Information supplied section start
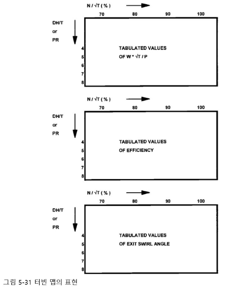 그림 5.31은 터빈 맵이 어떻게 디지털화되고, 엔진 탈 설계 성능 모델에 반영되는 세 개의 테이블로 배열되는지 보여줍니다. 이러한 모델에서 해당 맵의 사용은 다음에 자세하게 설명할 예정입니다. 엔진 시동 모델용 맵은 5.10.7절에 설명된 대로 대체 변수를 활용하여 모델 수렴을 지원합니다.
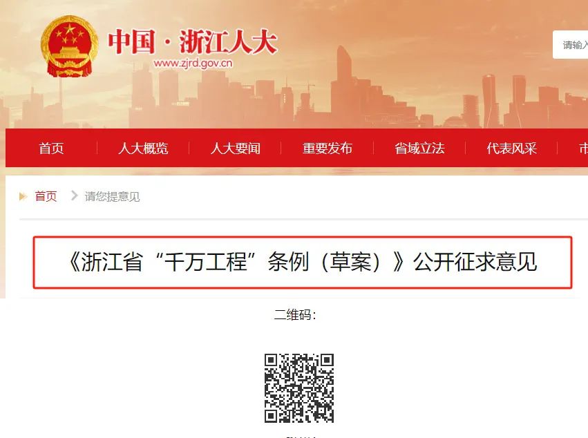 《浙江省“千萬(wàn)工程”條例(草案)》已經(jīng)省十四屆人大常委會(huì)第十一次會(huì)議審議?,F(xiàn)將草案和說(shuō)明予以公布。社會(huì)公眾可以掃描二維碼將意見(jiàn)反饋至省人大常委會(huì)法工委。意見(jiàn)征集......
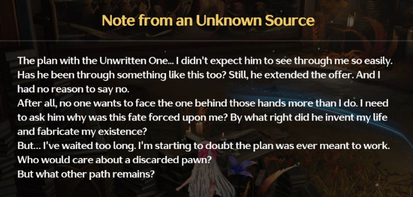 Мысли? Чья записка? Записка из неизвестного источника План с Ненаписанным... Не думала, что он так легко увидит меня насквозь. Неужели он тоже через подобное прошёл? И всё же он сделал мне предложение. А у меня не было причин отказываться. В конце концов, никто не жаждет встречи с тем, кто стоит за этими руками, сильнее меня. Я должна спросить его, почему мне навязали эту судьбу? По какому праву он выдумал мою жизнь и сотворил моё существование? Но... я ждала слишком долго. Я начинаю сомневаться, что этот план вообще мог сработать. Кому есть дело до выброшенной пешки? Но какой ещё путь мне остаётся?
Information supplied section end
**Goal of the exercise**
Your answer must be the full listing, word for word, minus any images.

**Reply**
 그림 5.31은 터빈 맵이 어떻게 디지털화되고, 엔진 탈 설계 성능 모델에 반영되는 세 개의 테이블로 배열되는지 보여줍니다. 이러한 모델에서 해당 맵의 사용은 다음에 자세하게 설명할 예정입니다. 엔진 시동 모델용 맵은 5.10.7절에 설명된 대로 대체 변수를 활용하여 모델 수렴을 지원합니다.
 《浙江省“千萬(wàn)工程”條例(草案)》已經(jīng)省十四屆人大常委會(huì)第十一次會(huì)議審議?,F(xiàn)將草案和說(shuō)明予以公布。社會(huì)公眾可以掃描二維碼將意見(jiàn)反饋至省人大常委會(huì)法工委。意見(jiàn)征集......
 Мысли? Чья записка? Записка из неизвестного источника План с Ненаписанным... Не думала, что он так легко увидит меня насквозь. Неужели он тоже через подобное прошёл? И всё же он сделал мне предложение. А у меня не было причин отказываться. В конце концов, никто не жаждет встречи с тем, кто стоит за этими руками, сильнее меня. Я должна спросить его, почему мне навязали эту судьбу? По какому праву он выдумал мою жизнь и сотворил моё существование? Но... я ждала слишком долго. Я начинаю сомневаться, что этот план вообще мог сработать. Кому есть дело до выброшенной пешки? Но какой ещё путь мне остаётся?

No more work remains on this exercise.